Field Type Default Notes
lens_id str Unique identifier (e.g., "flood_risk_midwest_v1")
type LensType "traversal" | "threat" | "observation" | "temporal" (cost types; entity/semantic is parallax's)
name str Human-readable name
version str Semver (X.Y.Z)
description str "" Optional description
layers tuple[Layer, ...] One or more weighted layers
thresholds ThresholdConfig Signal generation boundaries
policy PolicyConfig Governance config
output OutputConfig What the lens produces

Layer

Field Type Default Notes
name str Layer identifier
weight float 0.0–1.0, all layers sum to 1.0
source str Data source URI (pack://, memory://, lens://)
cost_model str Primitive name or legacy registry key
refresh RefreshMode "static" "static" | "dynamic"
params dict {} Cost model parameters
transform str "" Transform name (empty = identity)
transform_params dict {} Transform parameters

ThresholdConfig

Field Type Default Notes
confirm float High severity threshold
candidate float Medium severity threshold
reject float Below this = no action

PolicyConfig

Field Type Default Notes
suppressed_fields tuple[str, ...] () Fields to redact
classification str "" Security classification
consent_required bool False Requires user consent
governance GovernanceLevel "full" "full" | "lightweight" | "none"

OutputConfig

Field Type Default Notes
signal_type str DES signal type name
artifacts tuple[str, ...] () Domain artifact types
evidence bool True Create frozen evidence block

Validation Rules

Rule Description Enforcement
V-01 Layer weights sum to 1.0 ±0.001 validate_lens()
V-02 reject < candidate < confirm validate_lens()
V-03 Layer source is resolvable Runtime (adapter dispatch)
V-04 Cost model is registered Runtime (resolve_cost_model())
V-05 Suppressed fields not leaked Enforced at evidence-creation time in lens/evidence.py:create_evidence_block (recursive walk over inputs + output; raises SuppressedFieldLeakError)
V-06 Version is valid semver (X.Y.Z) validate_lens()
V-07 At least one layer required parse_lens_from_dict() + validate_lens()
V-08 All objects frozen Enforced by frozen=True on all dataclasses

Relationship to the entity-lens parser (parallax)
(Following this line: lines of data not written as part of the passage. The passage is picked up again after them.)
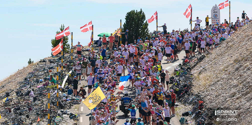 MONT VENTOUX (Francia) – Che sia stato per una crepa o un leggero malessere, la tattica del UAE Team Emirates è parsa subito insolita. Se Pogacar chiede di partire con la bici nera superleggera e poi lascia che la fuga guadagni sei minuti e chiede ai compagni un ritmo regolare, qualcosa forse non va. Abbiamo vissuto l’avvicinamento della corsa alle pendici del monte calvo seduti davanti al maxischermo sulla cima. Un panino comprato nell’ultimo bar, una felpa provvidenziale e lo sguardo fisso sulla corsa. Il vento non era violento come in altre occasioni, mentre tutto intorno lo sguardo si perdeva all’infinito facendo capire perché poeti e campioni abbiano trovato quassù la loro sublimazione.
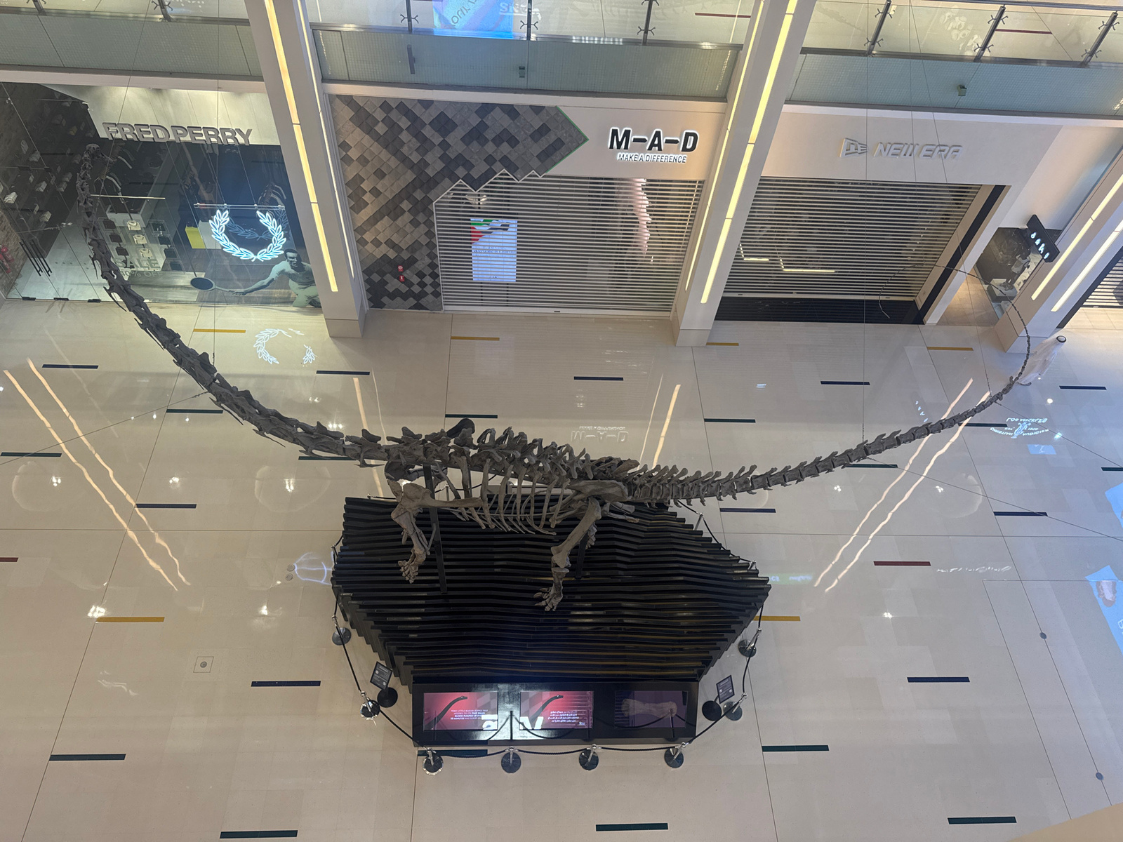 This is an overhead shot taken inside the Dubai Mall in Dubai, United Arab Emirates. The image prominently features a long-necked dinosaur skeleton on a raised black platform. The skeleton's head is p…read more
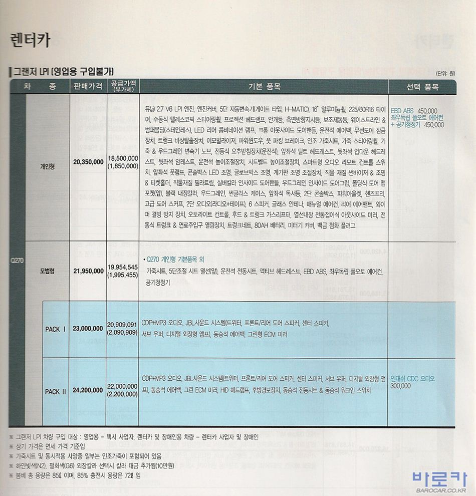 2006년 9월 그랜져TG LPi 신차가격표

parallax's SPEC-01-LENS-PARSER parses the entity lens (the Fusion matching contract). This parser is the peer for the four cost lens types — not a superset. The two engines are firewalled; neither parser handles the other's lens kind. This one uses a layer/weight/cost-model structure with domain-specific config (vehicle profiles, satellite TLEs, flood models) in domain submodules, keeping the parser generic across the cost types.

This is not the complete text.